Genes in each category (Figure 4C) were separately subjected to GO enrichment analysis (Table 2 and Supplementary Table 2). For the whole Unigene set (SR_24712), the most enriched GO terms were related to basic biology processes, including ‘DNA integration,’ ‘RNA-dependent DNA replication,’ and ‘translation.’ The GO enrichment results for inter-individual category (SR_22538) were similar to those for SR_24712, except they also included ‘translation elongation’ (GO: 0006414, p = 0.04). The GO term, ‘DNA recombination’ (GO: 0006310) was enriched for NM-specific category (SR_1534, p = 0.02) and not for any of the other categories. Interestingly, the GO term, ‘thylakoid membrane organization’ (GO: 0010027), was found in the enrichment results of SPT-specific category (SR_9278) and SR_24712, suggesting genes in SR_6614 were largely responsible for this annotation (p = 0.03). SR_14777 included only genes containing inter-individual SNPs (Figure 4C) and was enriched for seven GO terms, including ‘response to misfolded protein’ (GO: 0051788) and ‘response to cold’ (GO: 0009409).

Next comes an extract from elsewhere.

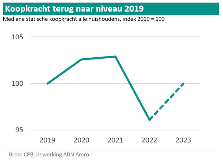 gaat het CPB er vanuit dat de mediane koopkracht met 3,9% stijgt in 2023. De mediane koopkracht daalde in 2022 echter met 6,8%. Al met al is na de koopkrachtimpuls van 2023 de koopkracht volgens het CPB nog altijd op het niveau van 2019. De koopkracht is dus niet hersteld maar teruggekeerd naar het niveau van vier jaar geleden: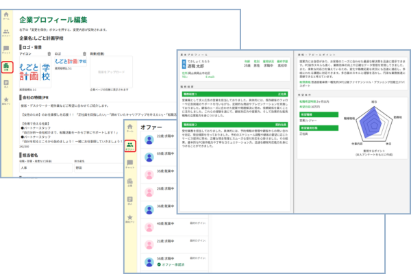 ▲画像は参加する求人企業側の管理画面など

Of note, the GO term ‘embryo development ending in seed dormancy’ (GO: 0009793) was also enriched in categories SR_24712, SR_22538, and SR_14777.

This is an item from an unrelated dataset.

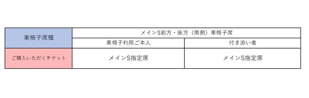 ※僅限穿著訪客隊伍制服或商品觀賽的輪椅席種類為主看台S前方輪椅席(南側)、主看台S後方輪椅席(南側)。

TABLE 2. Gene ontology enrichment results of SR_24712 and SR_14777 categories.

Candidate Genes Relevant to Heat Tolerance and Agronomic Traits

To isolate candidate genes for heat tolerance and agronomic traits, an all-against-all blast approach was conducted (described in Zhao et al., 2014) between the assembled sand rice Unigenes and the Arabidopsis protein database, resulting in the identification of 10,512 pairs of reciprocal best hits (RBHs) (Figure 6 and Supplementary Table 3). A Literature survey identified 64 heat shock proteins (HSPs), 21 HSFs, 366 flowering-, 59 seed size-, and 21 architecture-related genes in Arabidopsis (Finka et al., 2011; Scharf et al., 2012; Kesavan et al., 2013; Xiao et al., 2013; Dong and Wang, 2015; Li and Li, 2015, 2016; Teichmann and Muhr, 2015) and 31 HSPs, 11 HSFs, 100 flowering-, 28 seed size-, and 11 architecture-related genes had RBHs in the sand rice transcriptome, with mean sequence identities ranging from 50.88 to 64.09% (Figure 6 and Supplementary Table 3). Notably, only two Hsf1A sequences were identified in sand rice. Coincidently, the DA1 was missing from sand rice, while DAR1 was present. These lines of evidence imply that the gene families encoding these proteins may not have undergone expansion during sand rice speciation (Zhao et al., 2014). Furthermore, 41 genes with clear functions in the domestication of crop plants, including teosinte branched 1 in maize (Doebley et al., 1997), ring-type E3 ubiquitin ligase in rice (GW2; Song et al., 2007), non-brittle rachis 1 and 2 in barley (Pourkheirandish et al., 2015), tannin1 in sorghum (Wu et al., 2012), were blasted against the sand rice Unigene set, resulting in the identification of 39 RBHs with an average sequence identity of 53.78% (Figure 5 and Supplementary Table 3). By comparison with SR_24712 category, 30 HSPs, 11 HSFs, 96 flowering-, 26 seed size-, 11 architecture-, and 32 domestication-related genes containing at least one type of SNPs, were identified (Supplementary Table 3).


FIGURE 6. Boxplot of sequence identity values for total reciprocal best hits (RBHs), heat-shock transcription factor (HSF), heat shock protein (HSP), seed size, flowering, architecture, and domestication proteins between Arabidopsis and sand rice.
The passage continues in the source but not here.